*PROBLEM DESCRIPTION*.
Include the line containing "直接画了张图一目了然,4根绿线是眼棱路线,红色路线是火抗T路线。" and every line after it up to the end of the material below; reproduce them exactly and drop the pictures.

*COLLECTED MATERIAL*.

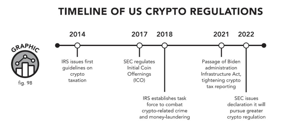 For example, Hillary Clinton, calling attention to the risks of crypto and the need for regulation, said at a Bloomberg conference in Singapore in 2021, “One more area that I hope nation-states start paying greater attention to is the rise of cryptocurrency because [it] has the potential for undermining currencies, for undermining the role of the dollar as the reserve currency, for destabilizing nations, perhaps starting with small ones but going much larger.” These are strong words, and governments have begun to take claims like these seriously. Despite crypto’s decentralization, regulation appears inevitable and could profoundly alter its development and adoption worldwide.
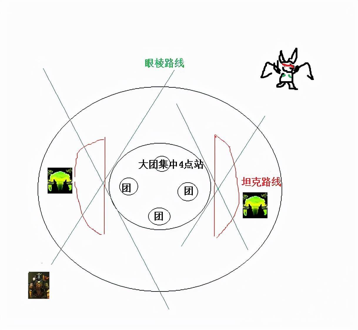 直接画了张图一目了然,4根绿线是眼棱路线,红色路线是火抗T路线。
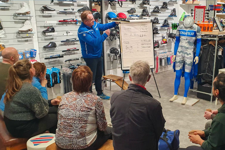 Een groep van 12 personen werd op 18 november door Jan, Lars en Michel, met chocolademelk en al, verwelkomd bij Schaatslab in Santpoort-Noord.

*RESULT*.
 直接画了张图一目了然,4根绿线是眼棱路线,红色路线是火抗T路线。
 Een groep van 12 personen werd op 18 november door Jan, Lars en Michel, met chocolademelk en al, verwelkomd bij Schaatslab in Santpoort-Noord.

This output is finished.